The Entrepreneurial Spirit Lives…Make Your Own Ethanol At Home!

I came across an interesting article, Make Fuel At Home With Portable DIY Refinery. It’s interesting and informative, and if prices of gasoline and oil continue to rise, it may be an attractive alternative. In the article, the manufacturer, an accomplished inventor, states that the cost of the ethanol from their EFuel Micro Fueler, will be less than one dollar per gallon. A bold claim, that doesn’t factor in all the related costs, such as electricity, water, or the cost of the unit itself. The article is worth the read, if for no other reason, to illustrate the kinds of minds that are at work on the current problems associated with rising fuel prices, and what we may have as options, if fuel ever reaches the point when the majority of the population is no longer able, or willing, to pay the prices, and will find other sources.

After reading this article, I began searching for info related to Henry Ford’s desire with the Model T that farmers would manufacture their own ethanol, and found a wealth of info, with one in particular being filled with more info than I ever knew existed on the subject, in a time line of discovery and research. The following quote from the article, Henry Ford, Charles Kettering And The “Fuel Of The Future.”

“They say we have foreign oil,” he said. “It is … in Persia, and it is in Russia. Do you think that is much defense for your children?”(Francis Garvan noted the problem in a speech promoting alcohol fuel at the Dearborn, Mich. “Chemurgy” Conference on Agriculture, Industry and Science in 1936)

I had no idea that alcohol powered internal engines had been experimented with since 1826, nor all of the political, and business issues, that have surrounded the use of alcohol as a fuel or fuel additive, and how prescient so many people were on it’s use. It truly is an amazing, and lengthy article. In the conclusion of this piece, I will note one paragraph that resonated with me.

If there is an historical lesson to learn from the “fuel of the future,” it is that technology is often political. In this case, fuel technology developed in a direction that was a matter of policy choice and not predetermined by any clear advantage of one technology over another. For different reasons, Henry Ford and Charles Kettering both saw the fuel of the future as a blend of ethyl alcohol and gasoline leading to pure alcohol from cellulose. A dedicated agrarian, Ford thought new markets for fuel feedstocks would help create a rural renaissance. On the other hand, Kettering, as a scientist, was worried about the long term problem of the automotive industry’s need for oil, a resource with rapidly declining domestic reserves. Clearly, the shortage of domestic oil that was feared in the 1920s has occurred in the late 20th century, although it has hardly been noticed because of the abundance of foreign oil. Whether the oil substitute envisioned by the scientists and agrarians of the first half of the century would be appropriate in the latter half remains an open question.

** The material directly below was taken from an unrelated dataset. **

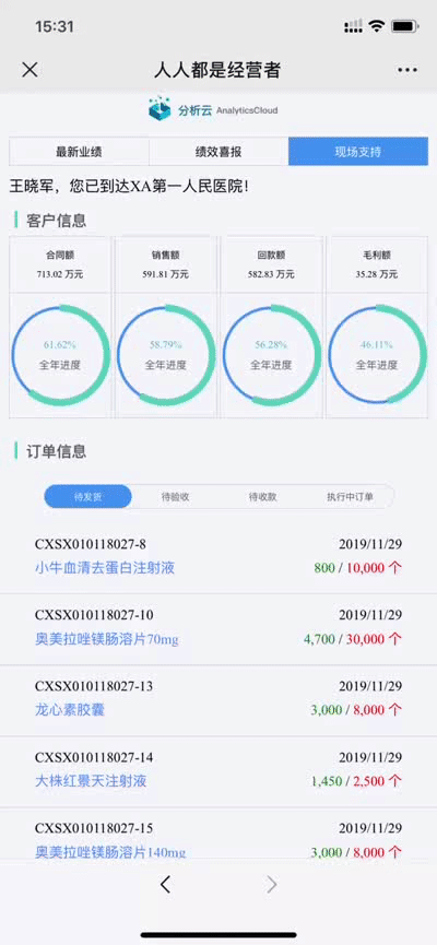 基于数据分析的价值,不仅对管理层有效,对于一线员工也需要提供数据。当医药代表达到医院打开手机时,就能看到医院的订单状况、订单执行情况,协助高效推进订单的完成,更好地辅助员工完成业绩。同时,员工可以随时随地在手机上看到自己的最新业绩完成情况、绩效奖金及KPI完成情况,立马干劲儿十足!作为规模扩张上的支持,人人都是经营者。
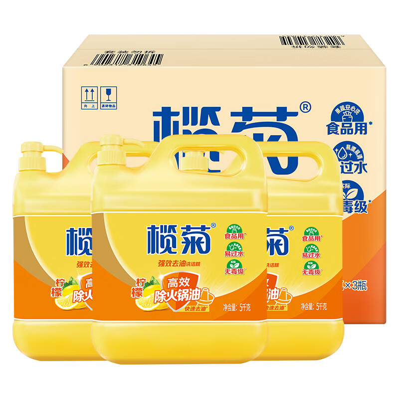 商品名称: 榄菊洗洁精大桶5kg*3瓶(整箱销售)菊之语食品用级别餐具果蔬清洗剂 榄菊菊之语洗洁精5kg*3瓶/箱

A concise analysis of the history of developing alternative fuel sources, often hampered by abundant oil supply, then spurred on in times of shortages. I am not optimistic we will ever strike a perfect balance on the use of our resources, but I am always encouraged by the technological achievements that can be made when the demand is there, and the entrepreneurial spirit thrives.

*Must Read* U.S. oil production cut by half in last twenty years.

12 Responses

  1. Wow! I like that idea. 35 gallons is more than enough to get me to work and back for a week. And with the supply unstable, it would work real up here in the woods.

  2. hmmmm, this is very interesting. 10K is kind of pricey, but a break-even point of two years is pretty darn good.

  3. Hey Nuke! Welcome back. Catch anything?

  4. glad to be back. Nice trip, but there’s no place like home

  5. Yep, I know….

  6. That 10K price is softened a bit by the federal incentive.
    Welcome back, BTW, nuke.

  7. I read that to SwampMan a few days ago. He said he could make a still for way less than that…..

  8. is ethanol and PGA the same thing?

  9. I think y’all missed the point to the post.

  10. Nuke, it is ethanol from grain products.

  11. If it weren’t for B-HO, I never would have known there were actually 58 states in this country.